While there have been great strides made in eliminating polio in the United States, it remains a highly infectious, savage disease, attacking thousands of people around the world. Polio most commonly affects children under the age of 5 and can spread from person to person, often through contaminated water. There is no cure, but polio is preventable with a simple vaccine. Ockenfels said, “Even though we’ve got all these countries that are polio-free, they have to keep vaccinating all of the kids that are born for years to come to ensure that it remains that way.”

The “Flight to End Polio” fundraiser has a huge helping hand from “The Bill and Melinda Gates Foundation,” which is donating $2 for each $1 pledged before, during, and after the flight. Both Rotary and The Gates Foundation are recognized as a leading force in the reduction of polio cases.

HOW YOU CAN HELP!

Fellow pilots are urged to “like” and “share” the Flight to End Polio Facebook page and make a donation to help end polio forever at www.flighttoendpolio.com.

THE AIRCRAFT

Teahen purchased his 1978 PA-32RT-300 Piper Lance in 1990. The Lance is a single-engine, low-wing retractable gear aircraft, powered by a 300 horsepower Lycoming IO-540 engine. The Lance has a cruising speed of 150 knots and a 5-hour range. Teahen installed a 165-gallon fuel tank inside the airplane to supplement the 94 gallons in the wings.

Due to the lack of aviation fuel in most parts of the world, over 50% of their fuel stops will require the pilots to hand pump fuel from 55-gallon drums that have been shipped to airports along their route in advance by train or cargo ship.

ABOUT THE PILOTS

PETER TEAHEN is president of Teahen Funeral Home in Cedar Rapids, Iowa, an author, and a mental health professional. He serves on the faculty at the University of Iowa and is the founder of the Cedar Rapids Freedom Festival.

Teahen has served in leadership roles on 67 major disasters throughout the world. He is recognized for his work on aviation disasters and is internationally known for his work in critical incident stress management and the psycho-social impact of disasters. He has served for 19 years as a national media spokesperson for the American Red Cross.

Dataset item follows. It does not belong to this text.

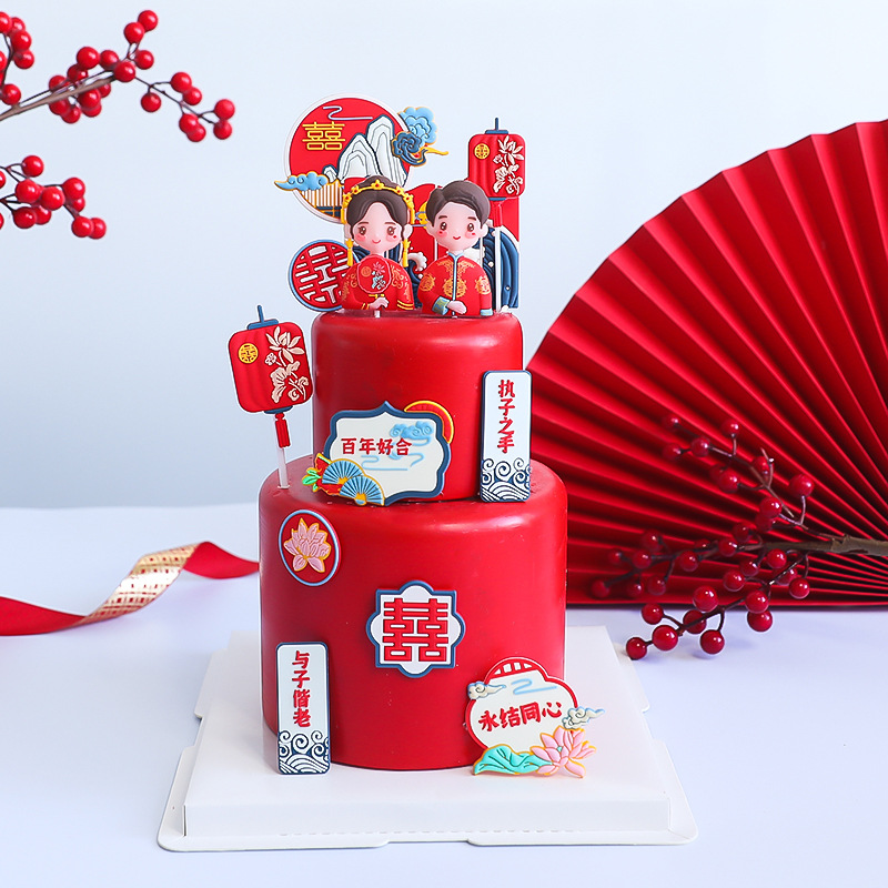中国式の結婚式のレトロな柔らかいゴムのケーキの装飾の古風な新婦の新郎のプラグインの百年の良い一致の永結の同心の対聯

JOHN OCKENFELS maintains World War II aircraft, including his own North American Aviation T-6, a Boeing Stearman, and a Cessna 182 Skylane. Prior to his retirement, Ockenfels was the chief executive officer of City Carton Recycling, based in Iowa City, Iowa. He attended the University of Iowa and served in the United States Air Force from 1972 to 1976. For two of his four years in the Air Force, he was a crewmember onboard an AC-130 Hercules in Thailand.

Despite all the preparations, technical knowledge, and flight skill, Teahen and Ockenfels remain focused on their mission – ending polio forever! No child anywhere is safe until every child has been vaccinated. Teahen added, “Studies show that unless we end polio within 10 years, as many as 200,000 new cases could occur around the world each year.”